* _DATA EXTRACTS_:
....
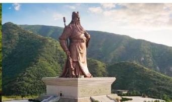
บ้านเกิดท่านกวนอู
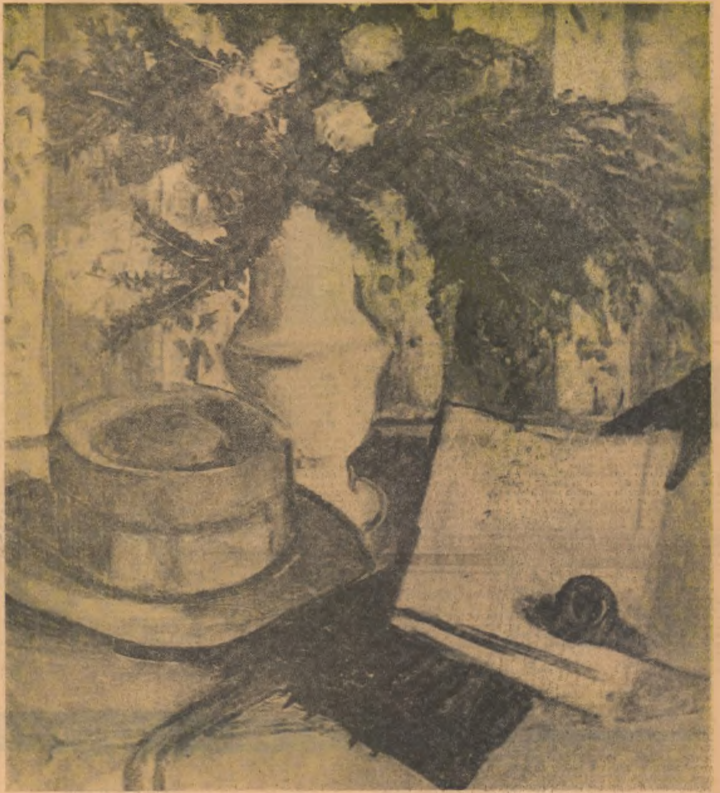
THEODOR PALLADY: „Natură statică”
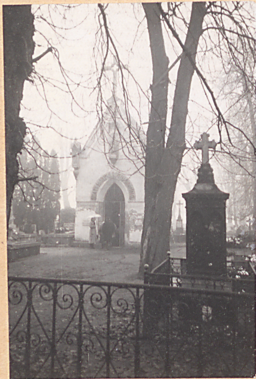
FOT. 3 - TEREN CMENTARZA W OKOLICY KAPLICY Z NAJ- STARSZYMI NAGROBKAMI
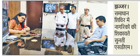
झज्जर। समाधान शिविर में नागरिकों की शिकायतें सुनीं आई एसडीएम।

कुल 15 शिकायतें दर्ज हुईं। जिनके समाधान के लिए अधिकारियों को निर्देश दिए गए। उपायुक्त ने अधिकारियों को निर्देश दिए कि शिकायतों का समाधान तय समय-सीमा में किया जाए।
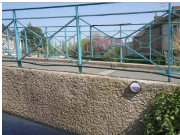
Repère posé en avril 2018

Altitude calculée de l'eau (en m) : 7.94
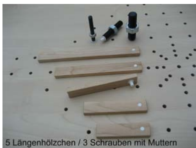
5 Längenhölzchen / 3 Schrauben mit Muttern
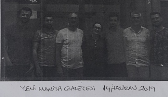
Yeni Manisa Gazetesi 14 Haziran 2019

Manisa Özel Eğitim Uygulama Okulu 3. Kademe Müdürlüğü'nün AB Erasmus+ 2018 Yılı "Daha Güzel Dünya Artistik" özel eğitim alanında gerçekleştirilen projenin tanıtımında. Önceki özel eğitim gereksinimi duyan bireylerin eğitiminde kullanılan yöntem ve teknikleri öğrenmek amacıyla Bilgiyi standartlarındaki en güncel eğitimi inceledi, sonrasında sanat eğitimi ile kendini ifade etme ve bunun özel eğitimde kullanılması konularını eğitim alan personel tarafından öğrendi.
....
* _ABOUT THIS TASK_: The answer must repeat every record exactly, with all pictures left out.

* _ANSWER TO THIS TASK_:
บ้านเกิดท่านกวนอู
THEODOR PALLADY: „Natură statică”
FOT. 3 - TEREN CMENTARZA W OKOLICY KAPLICY Z NAJ- STARSZYMI NAGROBKAMI
झज्जर। समाधान शिविर में नागरिकों की शिकायतें सुनीं आई एसडीएम।

कुल 15 शिकायतें दर्ज हुईं। जिनके समाधान के लिए अधिकारियों को निर्देश दिए गए। उपायुक्त ने अधिकारियों को निर्देश दिए कि शिकायतों का समाधान तय समय-सीमा में किया जाए।
Repère posé en avril 2018

Altitude calculée de l'eau (en m) : 7.94
5 Längenhölzchen / 3 Schrauben mit Muttern
Yeni Manisa Gazetesi 14 Haziran 2019

Manisa Özel Eğitim Uygulama Okulu 3. Kademe Müdürlüğü'nün AB Erasmus+ 2018 Yılı "Daha Güzel Dünya Artistik" özel eğitim alanında gerçekleştirilen projenin tanıtımında. Önceki özel eğitim gereksinimi duyan bireylerin eğitiminde kullanılan yöntem ve teknikleri öğrenmek amacıyla Bilgiyi standartlarındaki en güncel eğitimi inceledi, sonrasında sanat eğitimi ile kendini ifade etme ve bunun özel eğitimde kullanılması konularını eğitim alan personel tarafından öğrendi.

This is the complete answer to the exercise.